There are several external factors that could affect Russia's exports beyond 2020. The biggest of these is the situation on global markets, especially the demand for Russia’s main export products. The fight against climate change, as manifested in the gradual increase of renewable energy sources, will play a crucial role. In 2020, the share of renewables in the European Union’s electricity mix increased to 38 percent from 34.6 percent the year prior, overtaking fossil fuels for the first time (37 percent). By 2050, the EU wants to fully decarbonize its economy. China has set 2060 as its deadline for the same goal.
For Russia, this means purchases of crude oil, gas and coal will gradually decrease, as will their prices. The reduction will put severe pressure on the Russian federal budget. In 2020, oil and gas export revenues accounted for 28 percent of budget expenditure.
Weapons and nuclear technologies markets
In the markets for weapons and nuclear technologies, there is stiff competition from both governments and private companies. Much here depends on international relations – and Russia’s position is deteriorating. As a result, the country could lose former markets for these goods, as has recently happened with weapons sales to India.
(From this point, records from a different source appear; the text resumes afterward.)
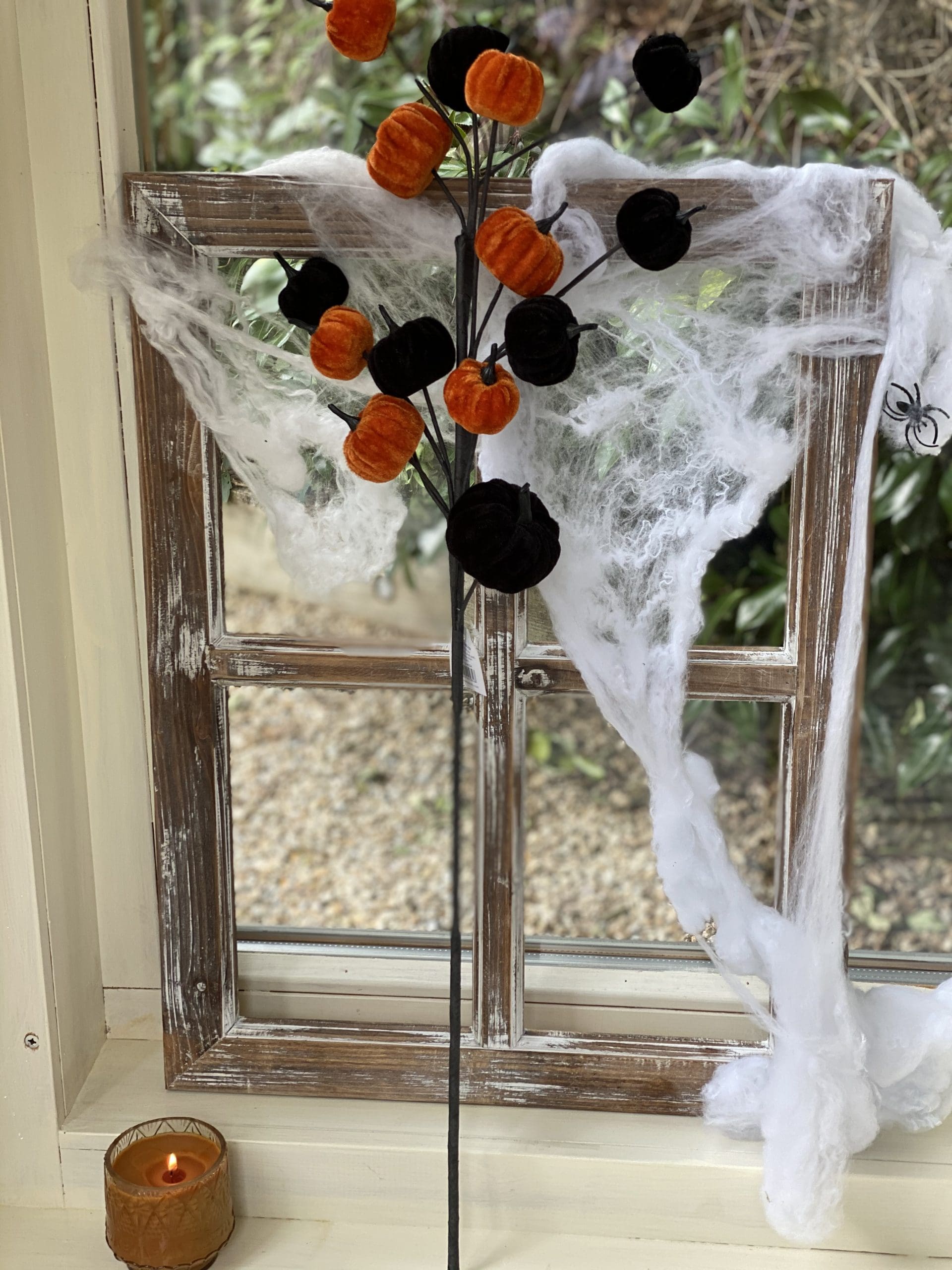 Gorgeous Velvet Black and Velvet Pumpkin decorations attached to a black branch.
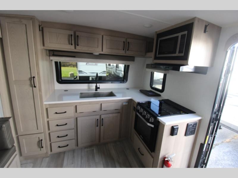 With any Flagstaff Micro Lite travel trailer by Forest River you will enjoy lightweight towing, durable construction, and added interior comforts to make each trip memorable! Each model features a torsion axle, Rubber-Ryde suspension, nitrogen filled, Goodyear Endurance tires, and easy lube axles with Nev-R-Adjust brakes for smooth towing from home to campground. The 6-sided aluminum framed construction provides a strong foundation so you can enjoy your RV for years to come, plus electronically controlled heated holding tanks and an enclosed underbelly will let you camp all year long. Head inside to find hybrid woven flooring in the slide outs, Sedona wood cabinetry, solid surface kitchen countertops, and many more amenities. These travel trailers also include exterior conveniences for hassle-free camping, like the power tongue jack, magnetic compartment door catches, Keyed Alike locks, and rear ladder to name a few!
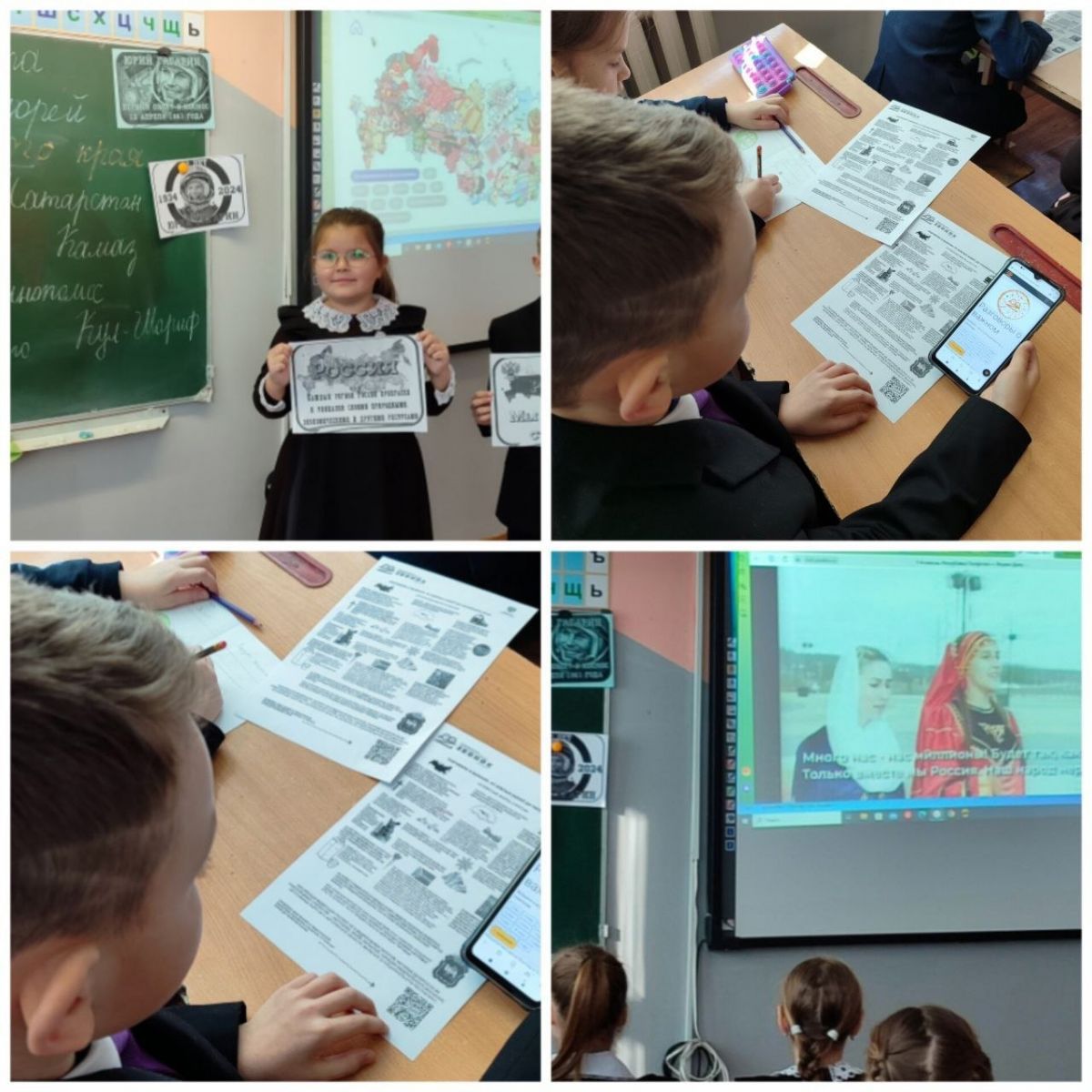 В ходе беседы учащиеся узнали, чем славится Россия, а также о том, как живут их ближайшие соседи. Кроме того, вместе с педагогами ребята совершили виртуальную экскурсию на выставку «Россия», которая сейчас проходит на ВДНХ. На экспозиции представлены все 89 регионов, каждый из которых уникален своей природой, историей и культурными традициями. В конце занятия обучающиеся подвели итог, что Россия – великая страна, каждый из 89 регионов прекрасен и уникален своими природными, экономическими и другими ресурсами, а самое главное, что мы едины в любви к России. -
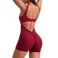 Women Backless V Back Jumpsuits Shorts Scrunch Butt Tummy Control Workout Yoga Romper
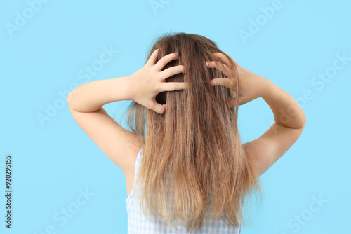 Fototapeta premium Little girl with pediculosis scratching her head on blue background, back view
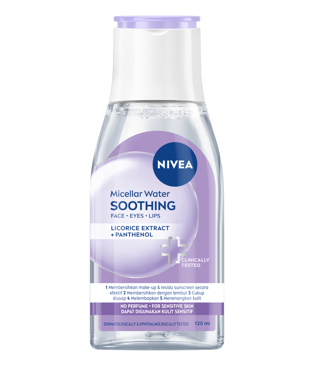 NIVEA Soothing Micellar Water dengan kandungan Licorice Extract, Panthenol, & Amino Acid Complex dapat membersihkan kotoran, sisa make-up & residu sunscreen secara efektif 100% serta mengurangi iritasi akibat kulit kering dalam 2 jam.

Internally, the future of Russian exports will hinge on whether the economy can transition toward modernity. The government is trying to speed up economic growth by stimulating production, primarily in high-tech industries. It is due to publish a plan for further action this summer. But even if this strategy succeeds, the changes in the Russian economy will only become evident a few years down the road.
At the same time, Russia does not only need economic reforms, but also the strengthening of the main state institutions that determine the political and public life in the country. The people of Russia are waiting to see whether these profound changes will begin in the coming years.